(Given information begins)

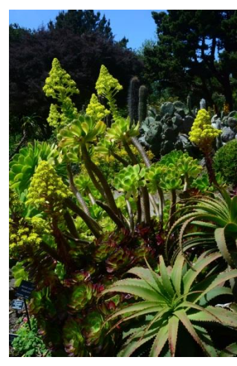
Flowering Succulent (Aeonium)
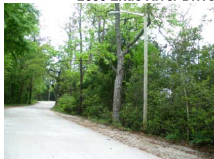
New light on road to Compound (another is at end of Swamp Fox)
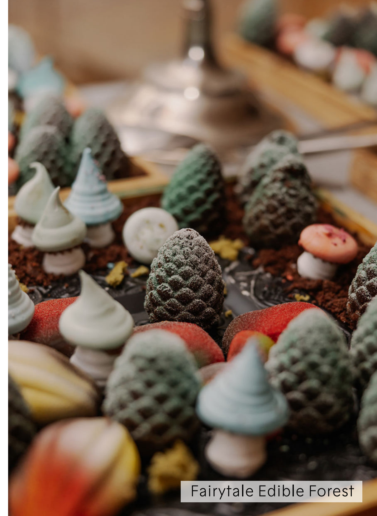
Fairytale Edible Forest
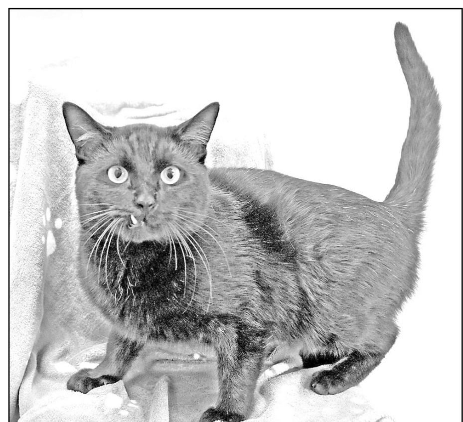
Moonshadow is a curious cat in search of his purrfect match. He likes attention and affection. He also has a visible tooth that peeks out of his mouth. It may be the result of a broken jaw, but it doesn't appear to hamper Moonshadow's enjoyment of tasty treats.
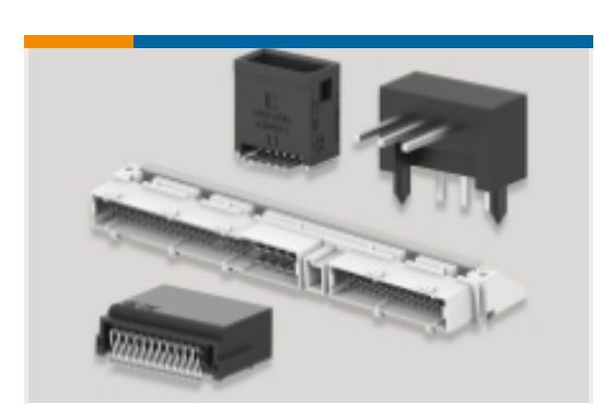
PCB Headers & Receptacles(102)
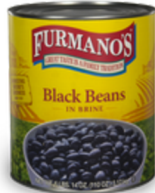
BLACK BEANS FURMANO 6/#10 #530706
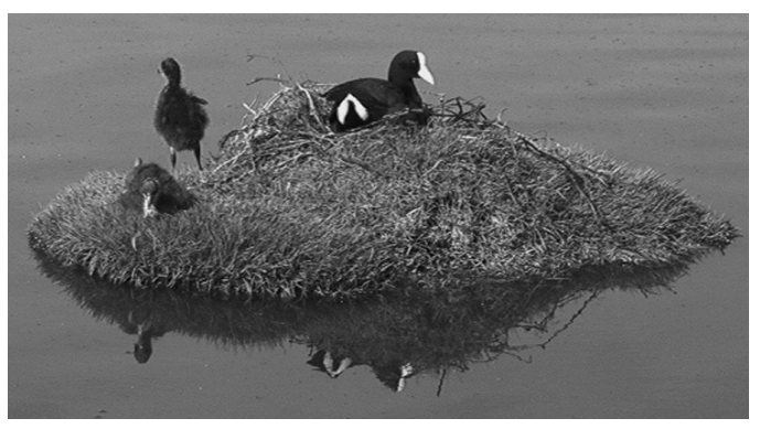
Hawaiian Coot and chicks on bodyboard island, photo by Arleone Dibben-Young.
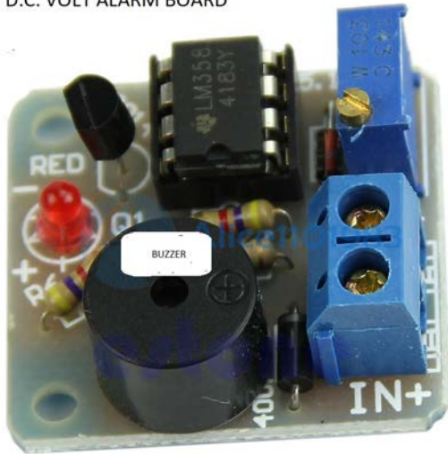
D.C. VOLT ALARM BOARD

Many times when running batteries we want to monitor the voltage to see when they need to be recharged or replaced. On 12 volt batteries, radios may not work properly if the voltage is too low or we could damage the battery if we run it down too far before recharging. Ebay has listings for a 12 VDC battery voltage alarm we can use. This is a completed PC board ready to go. Hook up the two wires from your battery to the board and adjust the low voltage at which the alarm will turn on with the on board variable resistor. When the threshold voltage is reached the LED lights up and the buzzer sounds the alarm. The alarm works well and makes a nice addition to your portable station. The prices on Ebay can be under $2.00 with free shipping. Do a search on Ebay with “12 volt alarm protection board “.
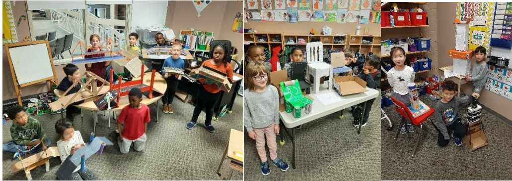
Grade 1 Structures Building Project - CHAIRS
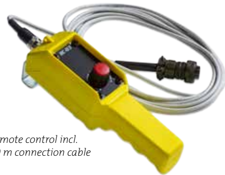
Remote control incl. 10 m connection cable

The XUPERmax 2 3000 is manufactured with a cooling tunnel. This prevents dirt from coming into contact with the electronic components. To minimize noise and to minimize dust accumulation in the unit, the fan runs only during the welding process.
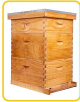
8 frame 3 layer
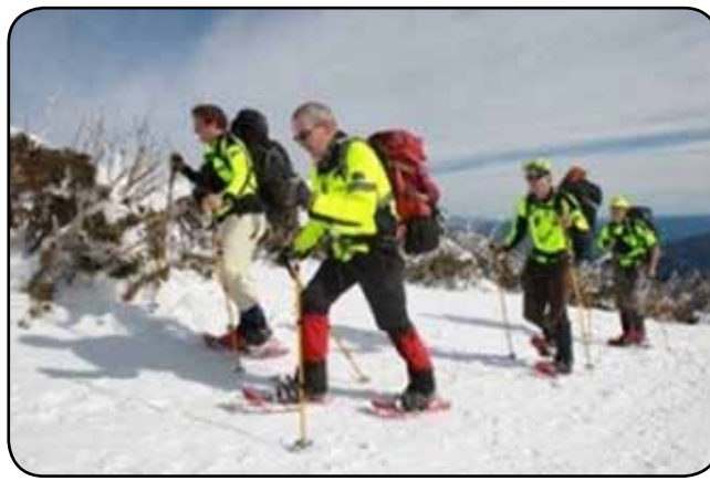
BSAR volunteers on Eskdale Spur search
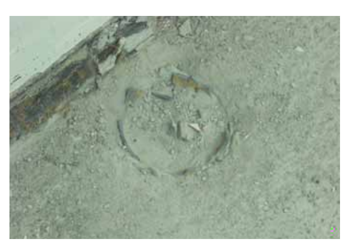
ABOVE A "As we exposed the slab we uncovered an old set of unused pipes that given — the age, setting, and possible use — had to be removed by the mortuary," explains Tabrizi.

that the pipes were removed and that the room was cleaned and decontaminated. Then we returned."
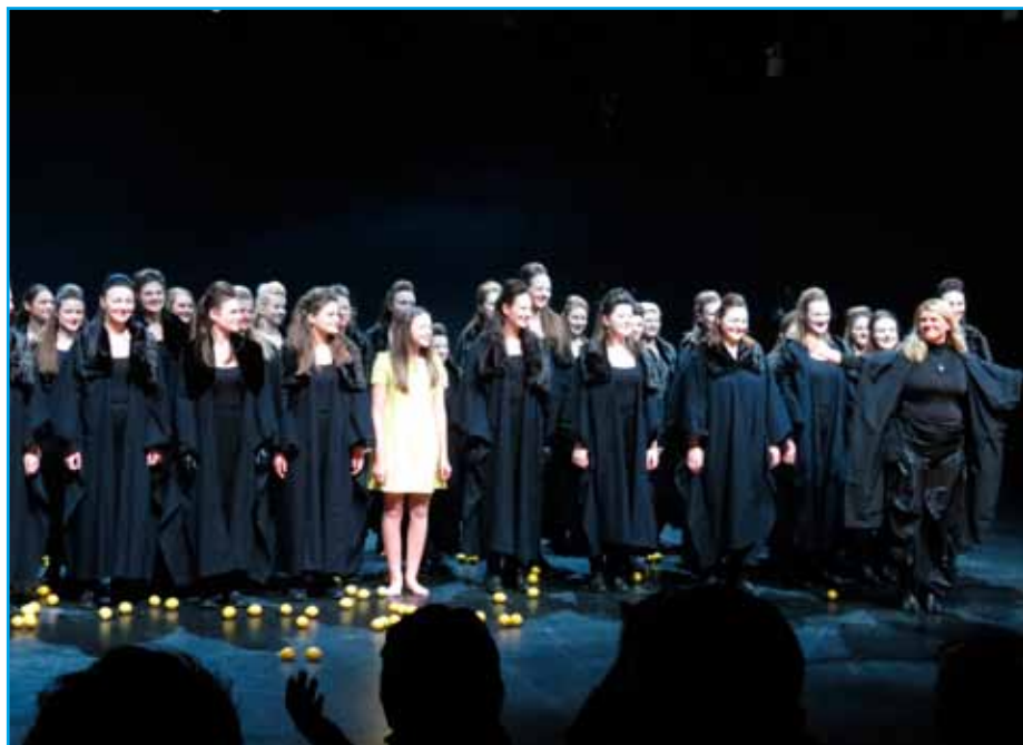
The ensemble and the conductor Karmina Šilec after the first show.

The internationally acclaimed Slovenian girls' choir Carmina Slovenica, presented its new project "Toxic Psalms: Ultimate Collective Experience" to the North American public at a festival in New York between January 8 and 11.
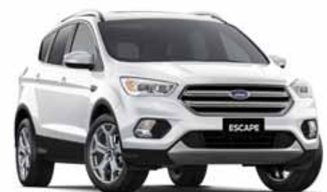
Escape Titanium shown in Frozen White.
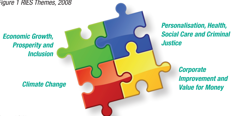
Figure 1 RIES Themes, 2008
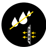
WATER RESISTANT & BREATHABLE
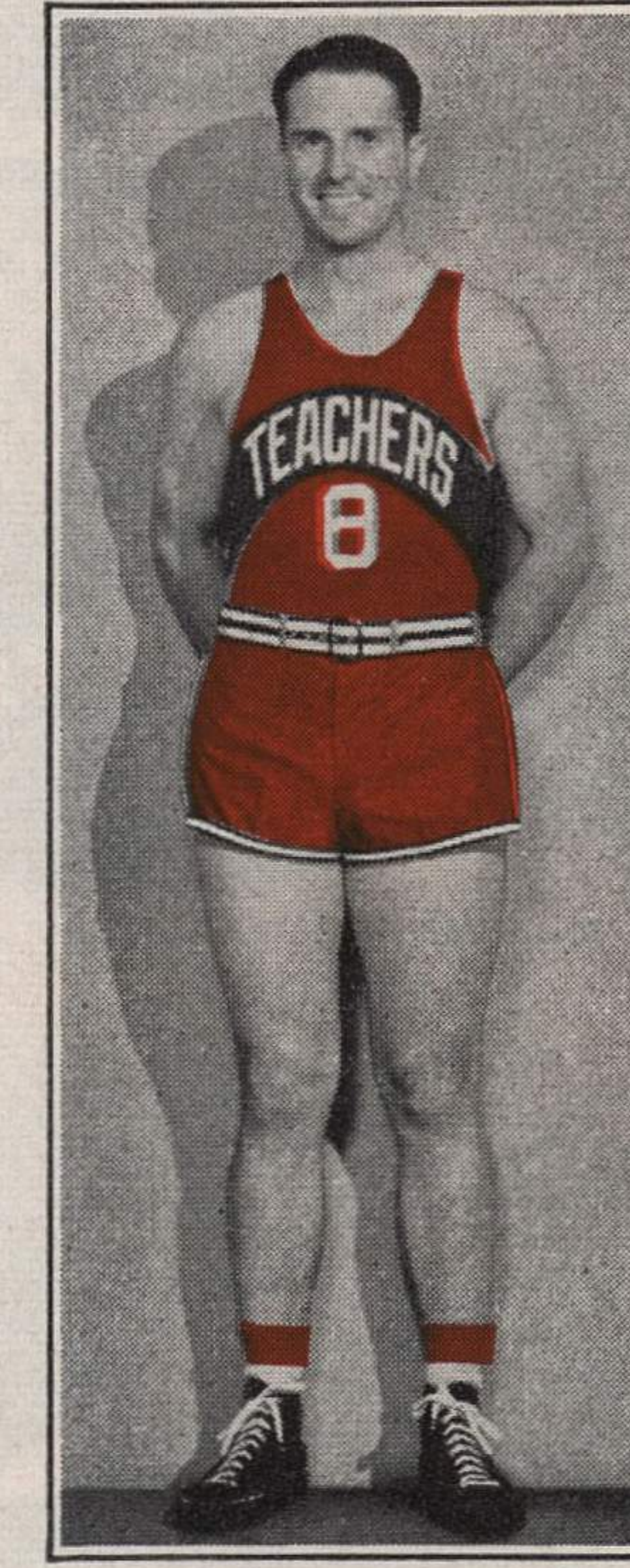
Style "A" Shirt Arched Chest Stripe (Extra 35c)

Wholesale Team Prices Shown In Red Do Not Include Postage
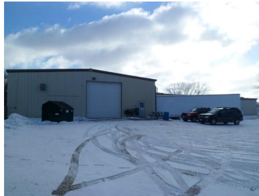
Service Entry 14x14 OH door
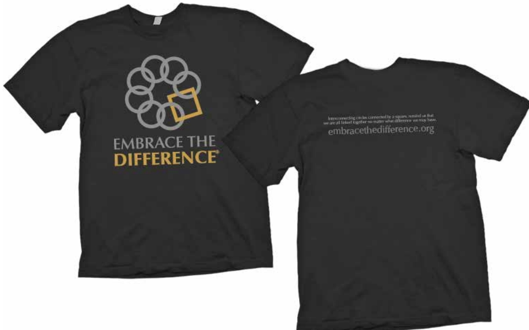
T-Shirt | $25

FOR THE FULL LINE VISIT, EMBRACETHEDIFFERENCE.ORG
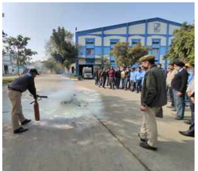
Train hard. Stay safe- Fire Mock Drill at Nalagarh Plant

response capabilities. Our fire-fighting team received hands-on training in handling emergency situations, operating fire safety equipment effectively, and responding swiftly during fire incidents.
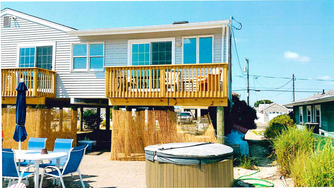
REAR VIEW LEFT

If submitting more photographs than will fit on the preceding page, affix the additional photographs below. Identify all photographs with: date taken; "Front View" and "Rear View"; and, if required, "Right Side View" and "Left Side View." When applicable, photographs must show the foundation with representative examples of the flood openings or vents, as indicated in Section A8.
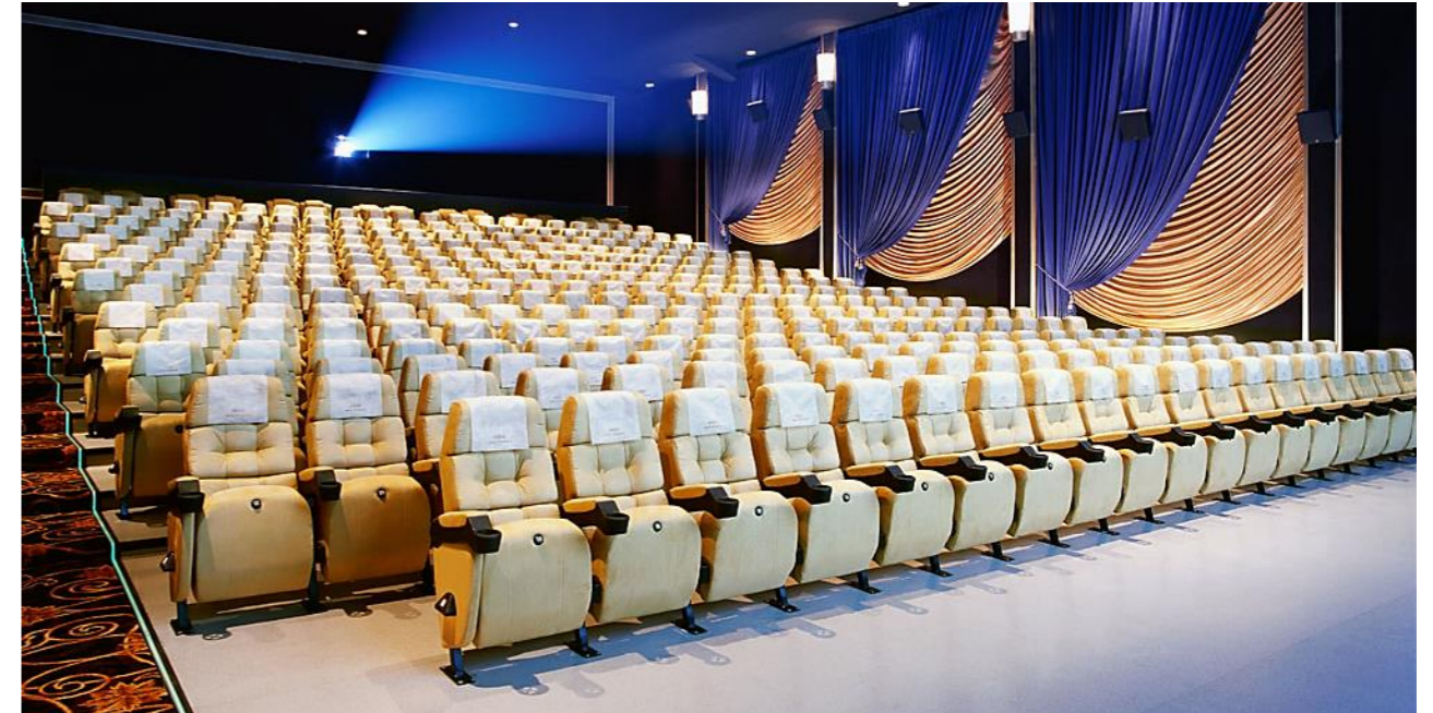
SF CINEMA EMPORIUM, THAILAND

* APPLICABLE FOR ROCKER BACK ONLY ** APPLICABLE FOR FIXED BACK ONLY
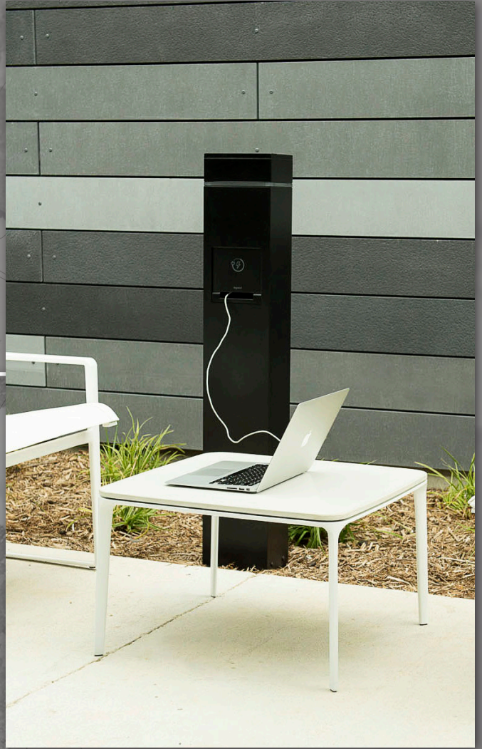
Power pedestal (4 total)
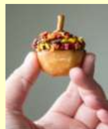
acorn DONUT HOLES
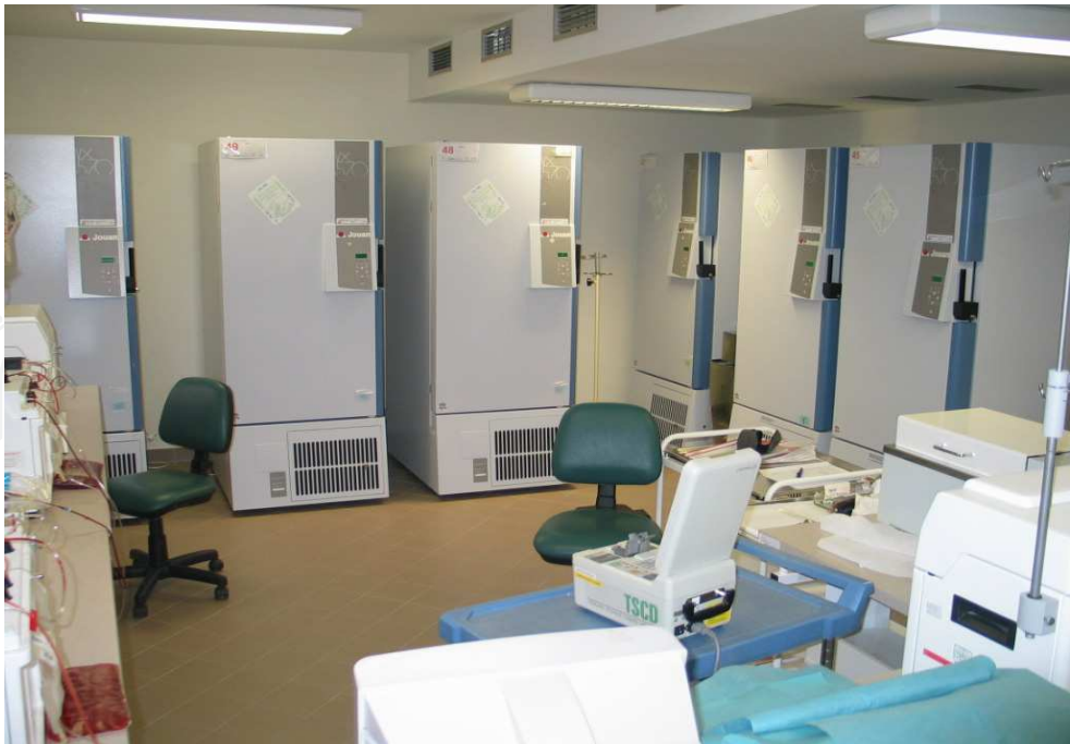
Fig. 3. Mechanical freezers for deep freezing (-65°C - -80°C)

(Given information ends)

### Directions:
Where the line with "The XUPERmax 2" appears in the entries above, begin there and restate every line to the end word for word, minus the pictures.

### Your solution:
The XUPERmax 2 3000 is manufactured with a cooling tunnel. This prevents dirt from coming into contact with the electronic components. To minimize noise and to minimize dust accumulation in the unit, the fan runs only during the welding process.
8 frame 3 layer
BSAR volunteers on Eskdale Spur search
ABOVE A "As we exposed the slab we uncovered an old set of unused pipes that given — the age, setting, and possible use — had to be removed by the mortuary," explains Tabrizi.

that the pipes were removed and that the room was cleaned and decontaminated. Then we returned."
The ensemble and the conductor Karmina Šilec after the first show.

The internationally acclaimed Slovenian girls' choir Carmina Slovenica, presented its new project "Toxic Psalms: Ultimate Collective Experience" to the North American public at a festival in New York between January 8 and 11.
Escape Titanium shown in Frozen White.
Figure 1 RIES Themes, 2008
WATER RESISTANT & BREATHABLE
Style "A" Shirt Arched Chest Stripe (Extra 35c)

Wholesale Team Prices Shown In Red Do Not Include Postage
Service Entry 14x14 OH door
T-Shirt | $25

FOR THE FULL LINE VISIT, EMBRACETHEDIFFERENCE.ORG
Train hard. Stay safe- Fire Mock Drill at Nalagarh Plant

response capabilities. Our fire-fighting team received hands-on training in handling emergency situations, operating fire safety equipment effectively, and responding swiftly during fire incidents.
REAR VIEW LEFT

If submitting more photographs than will fit on the preceding page, affix the additional photographs below. Identify all photographs with: date taken; "Front View" and "Rear View"; and, if required, "Right Side View" and "Left Side View." When applicable, photographs must show the foundation with representative examples of the flood openings or vents, as indicated in Section A8.
SF CINEMA EMPORIUM, THAILAND

* APPLICABLE FOR ROCKER BACK ONLY ** APPLICABLE FOR FIXED BACK ONLY
Power pedestal (4 total)
acorn DONUT HOLES
Fig. 3. Mechanical freezers for deep freezing (-65°C - -80°C)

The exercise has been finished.